[PROVIDED MATERIAL — start]
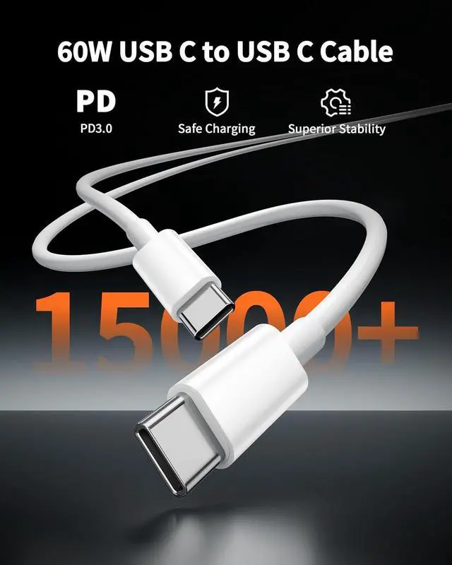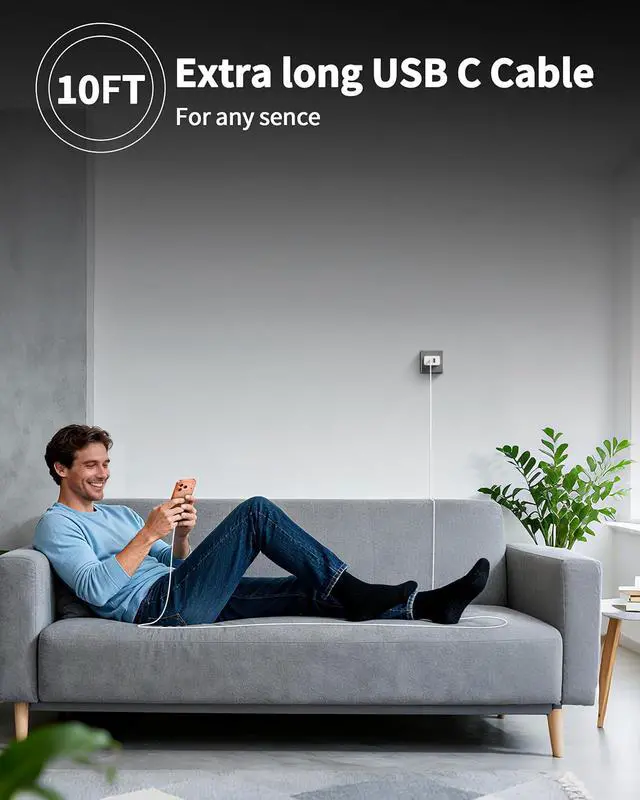 Charger Cord: This USB-C cable supports PD 3.0 fast charging with a maximum output power of 60W (20V/3A) and data transfer speed of up to 480Mbps. The 10-foot extra long length design makes it convenient for you to charge from a distance on the sofa in the bedroom in the office or even while playing entertainment videos and gamesWidely
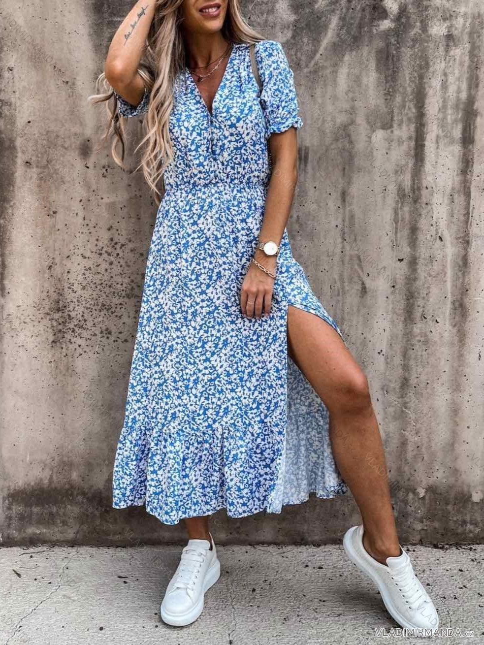 Šaty dlhé košeľové krátky rukáv dámske nadrozmer (42/44/46 ONE SIZE) TALIANSKA MÓDA IMWGB24042BIG
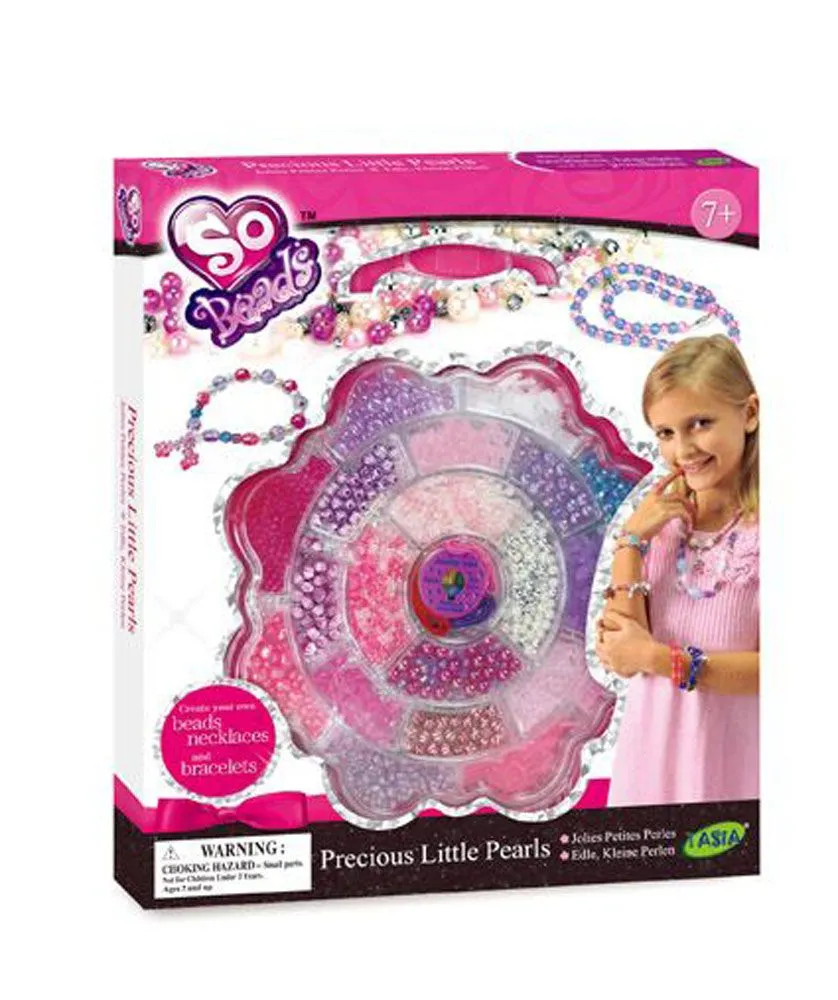 Et kjekt perlesett for alle de som liker Ä lage smykker. Settet bestÄr av et blomsterformet skrin med bÊrehÄndtak, fylt med perler i mange flotte farger. I senter av skrinet finner en 10 meter nylonbÄnd til Ä tre perlene pÄ samt smykkelÄs.. Passer fra 7 Är+
[PROVIDED MATERIAL — finish]
PROBLEM DETAILS: The material above should be repeated word for word, with every picture omitted.

ANSWER BOX:
 Charger Cord: This USB-C cable supports PD 3.0 fast charging with a maximum output power of 60W (20V/3A) and data transfer speed of up to 480Mbps. The 10-foot extra long length design makes it convenient for you to charge from a distance on the sofa in the bedroom in the office or even while playing entertainment videos and gamesWidely
 Šaty dlhé košeľové krátky rukáv dámske nadrozmer (42/44/46 ONE SIZE) TALIANSKA MÓDA IMWGB24042BIG
 Et kjekt perlesett for alle de som liker Ä lage smykker. Settet bestÄr av et blomsterformet skrin med bÊrehÄndtak, fylt med perler i mange flotte farger. I senter av skrinet finner en 10 meter nylonbÄnd til Ä tre perlene pÄ samt smykkelÄs.. Passer fra 7 Är+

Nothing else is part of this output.